Referring to FIG. 10, the storage system 10 executes a timer interrupt process at predetermined intervals (S1700). In the timer interrupt process, the storage system 10 determines whether or not any SCSI command CDB undergoing time-out is present in the SCSI command CDB (S1710). If the SCSI command CDB undergoing timeout is not present (“No” at S1710), then the storage system 10 terminates the timer interrupt process. Otherwise, if the SCSI command CDB undergoing timeout is present (“Yes” at S1710), then the storage system 10 performs a process in which the SCSI command CDB is interrupted (post process) (S1720). Concretely, this SCSI command CDB is eliminated from a target of CDB timeout monitor, so that the timer interrupt process is terminated.
Referring to FIG. 11, the storage system 10 starts a process by causing timer interrupt of the TCP layer at regular intervals (S1800). In the timer interrupt process of the TCP layer, the storage system 10 determines whether or not there is any TCP packet undergoing timeout from among TCP packets which have been sent and of which corresponding ASK responses are not received (S1810). If the TCP packet undergoing time-out is not present (“No” at S1810), the storage system 10 terminates the timer interrupt process. Otherwise, if the TCP packet is present (“Yes” at S1810), the loss quantity of the data being sent in the session-unit network setting table 134 is updated (S1820). Thereafter, to re-send the TCP packet, the process subsequent to the TCP layer sending process at S1560 is performed. However, since this process is similar to the sending process of FIG. 9, a description will be omitted by applying the same reference numerals to the same portions.
Referring to FIG. 12, the storage system 10 generates timer interruption at regular intervals (S2000), and updates the session-unit network information table 135. The storage system 10 extracts the network information on a session from the session-unit network information table 135 (S2010). Then, it changes network setting of the session, based on the extracted network information.
Specifically, if the packet error rate of the session is equal to/more than a predetermined value al, or if the RTT is equal to/more than a predetermined value βF2,

(1) the allocated capacity of the sending buffer in the session is increased,
(2) the SCSI timeout and TCP timeout values in the session are increased, and
(3) a protocol option of the TCP layer is applied to the session.
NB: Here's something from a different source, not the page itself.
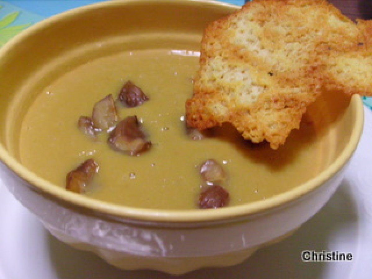 Velouté de butternut aux châtaignes et sa tuile de conté votez maintenant Entréefacile17 min Envoyer cette recette à un ami Imprimer cette page Poser une question à l'auteur Publier votre photo de cette recette Ingrédients 2 120 g de châtaignes 160 de butternut en dés 1/2 oignon 500 ml d'eau sel et poivre 1 cuillère à soupe de crème fraîche un peu de conté râpé 5 châtaignes concassées

Otherwise, if the packet error rate of the session falls below the predetermined value α1, or if the RTT falls below the predetermined value β2,

(1) the allocated capacity of the sending buffer in the session is decreased,
(2) the SCSI timeout and TCP timeout values are decreased, and
(3) a protocol option of the TCP layer is not applied to the session.

Note that the values of α1 and β2 depend on the required performance of the network system, and they are determined by an administrator prior to an actual use.
Thereafter, the storage system 10 allows the network setting of the session-unit network information table 135, which has been defined at S2020, to reflect on the session-unit network setting table 134, thereby terminating the interrupt process.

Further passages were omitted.